Published online Oct 1, 1995. doi: 10.3748/wjg.v1.i1.21
Revised: June 20, 1995
Accepted: August 12, 1995
Published online: October 1, 1995
AIM: To evaluate the role and analyze the loss of heterozygosity (LOH) of adenomatous polyposis coli (APC), mutation in colorectal cancer (MCC) and deleted in colorectal cancer (DCC) genes in the development and progression of colorectal cancers.
METHODS: LOH at APC, MCC and DCC genes was examined in 41 surgically resected specimens of colorectal carcinomas by polymerase chain reaction and restriction fragment length polymorphism analysis technique.
RESULTS: LOH of APC and MCC were observed in 7 of 25 (28.0%) and 8 of 22 (36.4%) of informative cases, respectively.

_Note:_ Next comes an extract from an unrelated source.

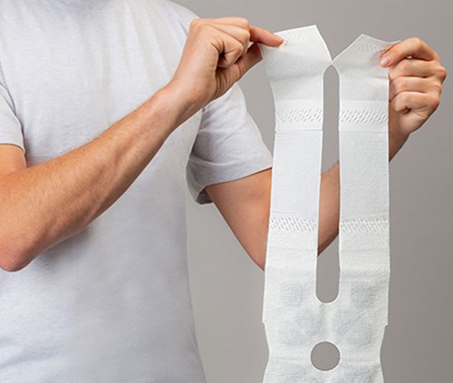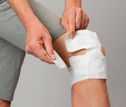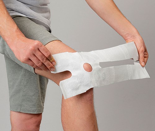 - Aplicați compresa peste zona dureroasă cu partea mai închisă la culoare pe piele și fixați-o, asigurați-vă că deschiderea circulară este peste rotula genunchiului.

When considered as one locus, the LOH frequency for APC/MCC was 14 of 36 (38.9%). LOH at DCC gene locus was detected in 21 of 38 (55.3%) of informative cases. No correlation was found between the LOH at APC or MCC gene and tumor histological types, size, invasion, lymph node metastasis and Dukes’ stages (P > 0.05). However, LOH rates at DCC locus in the group with lymph-node metastasis (80.0%) and in Dukes’ stages III and IV (71.4%) were significantly higher than those without lymph node metastasis (39.1%) and in Dukes’ stages I and II (35.3%) (P < 0.05).
CONCLUSION: LOH at APC and/or MCC may occur more frequently in the early stages and plays a role in the initiation of colorectal cancer while LOH at DCC is frequent at late event and associated with the progression and metastasis of colorectal cancer.